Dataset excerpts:
============================================================
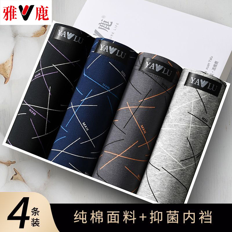 雅鹿男士内裤男平角裤纯棉透气男款短裤青年裤衩中腰内裤男潮裤头
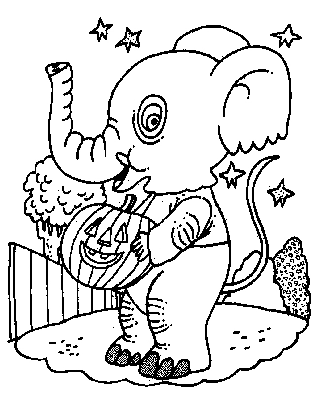 Descriere: Plansa de colorat cu un costum de Halloween in forma de elefant.
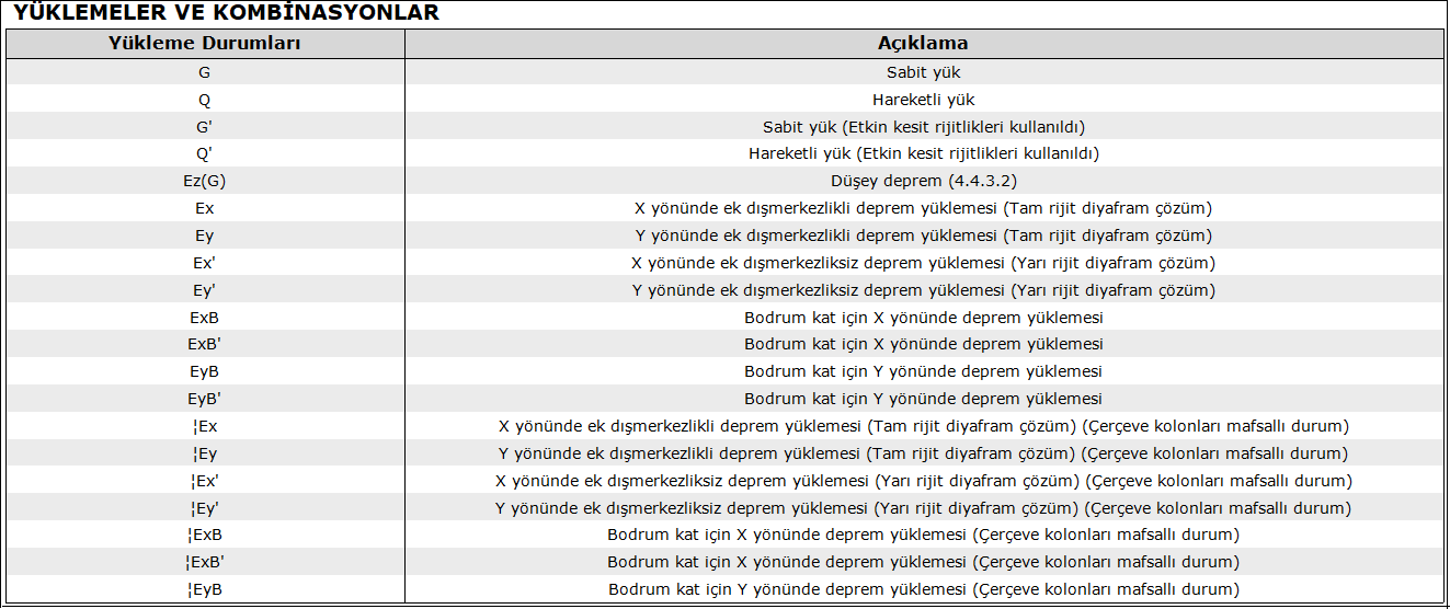 - Öncelikle ideCAD’in kullandığı sembollerle yapılan analizlerin madde özetleri aşağıdaki tabloda açıklanmıştır.
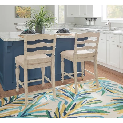 Unique and stylish, the Marino Counter Stool will add eye-catching design to your kitchen counter or high-top table. The stool features elegant turned front legs and a unique curved back design. The linen padded seat easily complements the distressed finish. Counter Height.
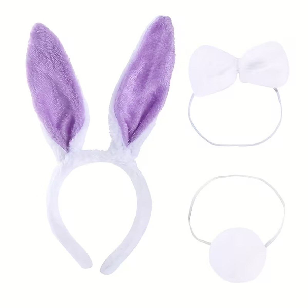 Lila Mor Tavşan Kulak Papyon Kuyruk 3'lü Parti Seti
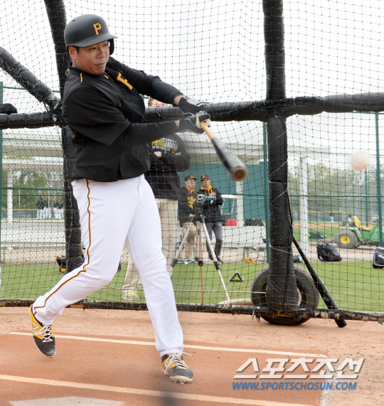 피츠버그 파이어리츠의 강정호가 28일(한국시간) 미국 플로리다 주 브래든턴의 파이어리츠 시티에서 펼쳐지고 있는 팀의 공식훈련에 참가해 구슬땀을 흘렸다. 흐린 하늘과 바람이 불었던 훈련하기엔 약간 쌀쌀한 날씨였지만 강정호는 날카로운 스윙을 선보이며 클린트 허들 감독이 "나이스!"를 외치게 했다.
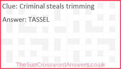 Criminal steals trimming is a crossword clue for which we have 1 possible answer and we have spotted 1 times in our database. This crossword clue was last seen on 11 December 2023 in The Sun Cryptic Crossword puzzle!
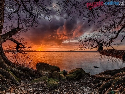 Zachód Słońca, Jezioro, Drzewa
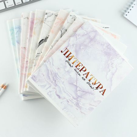 Тетради предметные, 48 л., набор из 10 шт. «Мрамор». Комплект тетрадей — идеальный выбор для тех, кто ценит качество и комфорт в процессе обучения. В наборе представлены тетради с различными видами линовки: клетка и линейка. Это позволяет выбрать оптимальный вариант для разных задач и предпочтений. Кроме того, тетради имеют плотную обложку и удобный формат, что делает их использование максимально благоприятным. <ul> <li> Линовка блока: клетка/линейка;</li> <li> Формат: А5;</li> <li> Тип скрепления: на скобе;</li> <li> Количество листов: 48;</li> <li> Материал обложки: мелованный картон;</li> <li> Плотность, г/м²: 65;</li> <li> Вид обложки: мягкая.</li> </ul>
============================================================
__The task__
From the line containing "Zachód Słońca, Jezioro, Drzewa" through the last line of the data above, write out every line word for word, and nothing else. Do not include the pictures.

__Solved exercise__
 Zachód Słońca, Jezioro, Drzewa
 Тетради предметные, 48 л., набор из 10 шт. «Мрамор». Комплект тетрадей — идеальный выбор для тех, кто ценит качество и комфорт в процессе обучения. В наборе представлены тетради с различными видами линовки: клетка и линейка. Это позволяет выбрать оптимальный вариант для разных задач и предпочтений. Кроме того, тетради имеют плотную обложку и удобный формат, что делает их использование максимально благоприятным. <ul> <li> Линовка блока: клетка/линейка;</li> <li> Формат: А5;</li> <li> Тип скрепления: на скобе;</li> <li> Количество листов: 48;</li> <li> Материал обложки: мелованный картон;</li> <li> Плотность, г/м²: 65;</li> <li> Вид обложки: мягкая.</li> </ul>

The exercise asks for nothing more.